- **Exercise**: When you reach the line that holds "Make a statement", start copying exactly and keep going through the final line of the data, leaving out pictures.

━━━━━ Given information

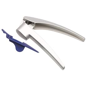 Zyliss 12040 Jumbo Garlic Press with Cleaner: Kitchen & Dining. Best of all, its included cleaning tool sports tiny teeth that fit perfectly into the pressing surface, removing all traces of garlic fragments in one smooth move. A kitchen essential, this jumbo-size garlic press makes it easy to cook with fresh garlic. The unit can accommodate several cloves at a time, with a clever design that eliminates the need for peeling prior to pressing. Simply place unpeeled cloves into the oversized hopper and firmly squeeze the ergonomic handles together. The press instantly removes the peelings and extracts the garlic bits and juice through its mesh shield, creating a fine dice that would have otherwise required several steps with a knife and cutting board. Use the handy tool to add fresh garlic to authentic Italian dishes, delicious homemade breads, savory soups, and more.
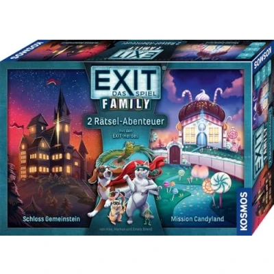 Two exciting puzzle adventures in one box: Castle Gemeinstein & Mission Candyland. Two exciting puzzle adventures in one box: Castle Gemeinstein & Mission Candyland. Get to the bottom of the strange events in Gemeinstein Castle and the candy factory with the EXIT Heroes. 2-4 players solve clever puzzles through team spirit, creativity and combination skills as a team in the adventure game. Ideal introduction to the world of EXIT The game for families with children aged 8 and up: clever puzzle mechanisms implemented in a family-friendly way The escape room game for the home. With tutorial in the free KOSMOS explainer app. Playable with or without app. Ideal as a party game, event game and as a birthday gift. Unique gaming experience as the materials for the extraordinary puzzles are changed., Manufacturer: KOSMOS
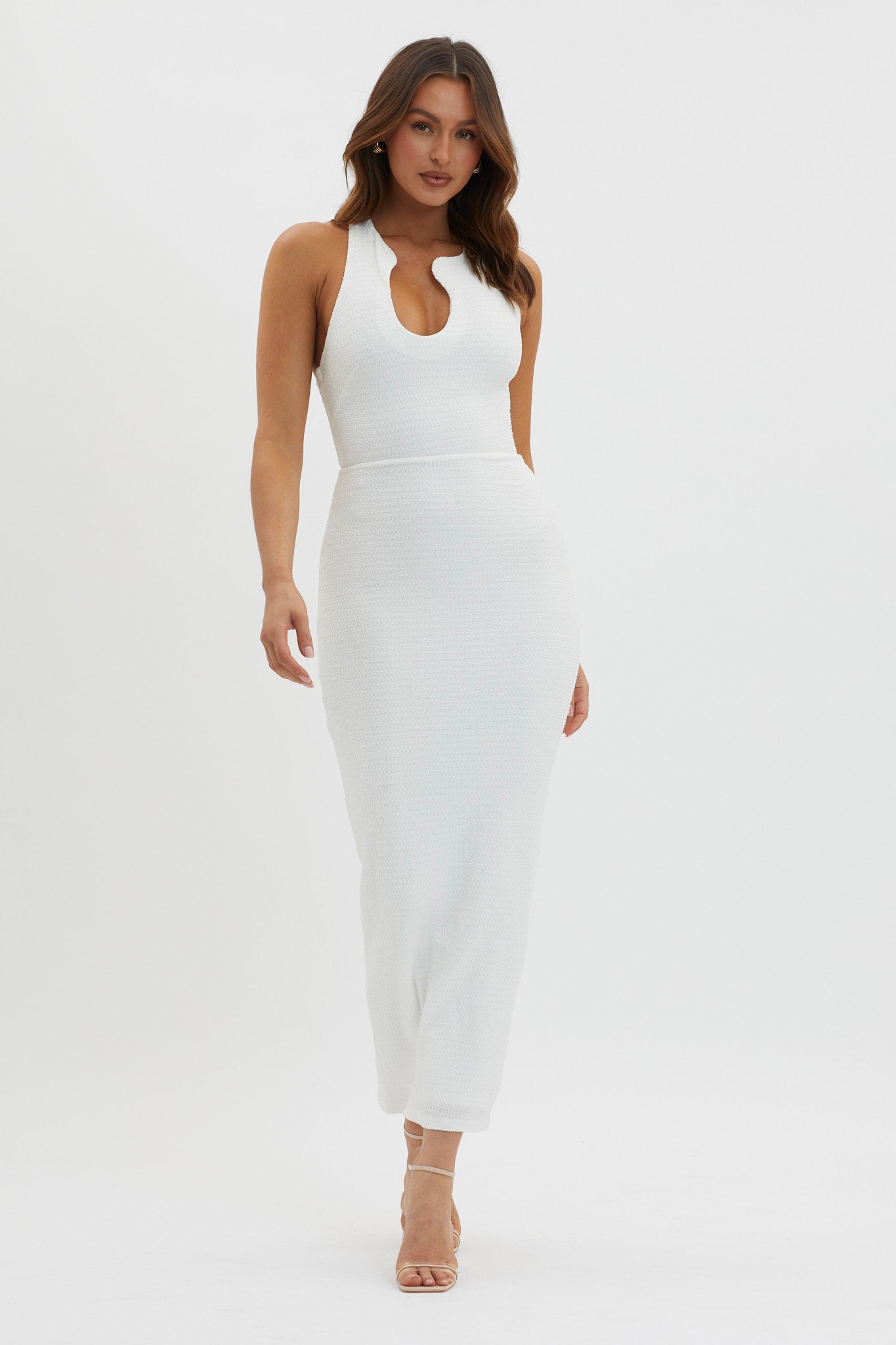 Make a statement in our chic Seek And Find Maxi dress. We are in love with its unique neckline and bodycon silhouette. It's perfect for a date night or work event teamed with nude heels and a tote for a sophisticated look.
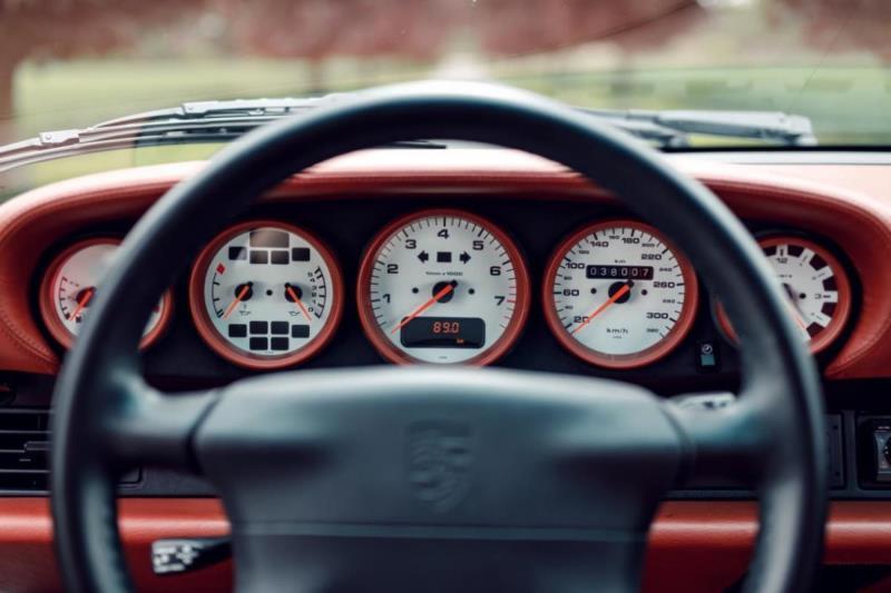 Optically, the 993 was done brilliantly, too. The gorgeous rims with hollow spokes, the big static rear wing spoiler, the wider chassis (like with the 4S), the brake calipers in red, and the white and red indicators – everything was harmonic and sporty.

━━━━━━━━━━

- **Solution to the exercise**:
 Make a statement in our chic Seek And Find Maxi dress. We are in love with its unique neckline and bodycon silhouette. It's perfect for a date night or work event teamed with nude heels and a tote for a sophisticated look.
 Optically, the 993 was done brilliantly, too. The gorgeous rims with hollow spokes, the big static rear wing spoiler, the wider chassis (like with the 4S), the brake calipers in red, and the white and red indicators – everything was harmonic and sporty.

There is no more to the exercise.